IIUC, you want the values to reflect the index of the item in the searchfor list that matched your word. You can start by modifying your searchfor object -

m = {'^.*{}.*$'.format(s) : str(i) for i, s in enumerate(searchfor)}

This is a dictionary of <pattern : index> mappings. Now, call pd.Series.replace with regex=True -

s = s.replace(m, regex=True)
s[:] = np.where(s.str.isdigit(), pd.to_numeric(s, errors='coerce'), -1)

s

0    1
1    1
2    0
3    0
4   -1
dtype: int64

If you want a list of matched values by pattern, you'll need str.extract + groupby + apply -

p = '(^.*({}).*$)'.format('|'.join(searchfor))

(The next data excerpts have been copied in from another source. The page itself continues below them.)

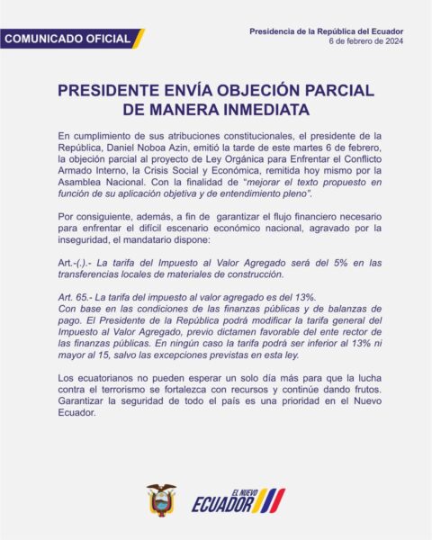 El documento de 19 páginas fue emitido contrarreloj. El presidente Daniel Noboa objetó parcialmente el proyecto de Ley Orgánica para Enfrentar el Conflicto Armado Interno, la Crisis Social y Económica. Insiste en que subir el Impuesto al Valor Agregado (IVA) del 12% al 13% en Ecuador.
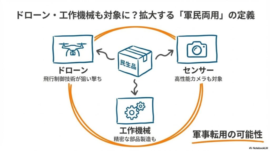 - 完成品の包囲網:部品単体だけでなく、それを含む完成品全体が「軍民両用」扱い。
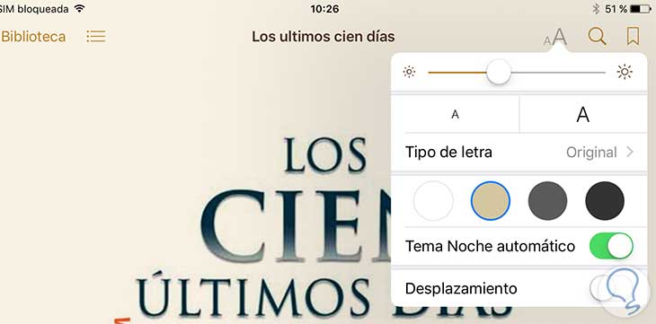 Una vez aqui se va a desplegar un menú en el que podemos ajustar el brillo, el tipo y tamaño de letra, el color de fondo, el tema noche automático y hasta si queremos tener activo el desplazamiento o no. De este modo vamos a tener la sensación de que el documento casi lo hemos diseñado nosotros mismos. Todos estos ajustes los podemos ir cambiando en función del momento en que nos encontremos y las circunstancias, ya que quizás necesitemos mas o menos luz en diferentes momentos o por ejemplo variar el tamaño de letra.

s.str.extract(p, expand=True)\
 .groupby([1])[0]\
 .apply(list)

1
at    [cat, hat]
og    [dog, fog]
Name: 0, dtype: object
cs95
  • 379,657
  • 97
  • 704
  • 746
  • Thanks. That worked. However, I realized what I actually want is to return all the matched strings as comma separated values. I will ask another question for it. – Sharvari Gc Feb 05 '18 at 02:55
  • @SharvariGc No, don't worry about it. I'll edit my answer. Edit: Done, see my latest edit. – cs95 Feb 05 '18 at 03:11
  • Thanks. How would I get ['og,at'] for the first element of the series, s = pandas.Series(['cat dog','hat cat','dog','fog cat','pet']) while searching for searchfor = ['og', 'at'] – Sharvari Gc Feb 05 '18 at 03:44
  • It is really hard think outside the np.where :-) – BENY Feb 05 '18 at 03:51
  • @SharvariGc Ah... that's quite hard. Can you open another q? – cs95 Feb 05 '18 at 03:53
  • asked here [link](https://stackoverflow.com/questions/48615699/pandas-return-all-matched-keys-for-each-strings-value-in-a-series) @COLDSPEED – Sharvari Gc Feb 05 '18 at 04:03
2

This is by using defaultdict + replace finally I made it ..

d=dict(zip(searchfor,[""]*2))

s1=s.replace(d,regex=True)
import collections
d = collections.defaultdict(dict)
for x,y in zip(s1.index,s1):
    d[x][y]=''

s.to_frame('a').T.replace(dict(d), regex=True).T.a


Out[765]: 
0    at
1    at
2    og
3    og
4      
Name: a, dtype: object
BENY
  • 317,841
  • 20
  • 164
  • 234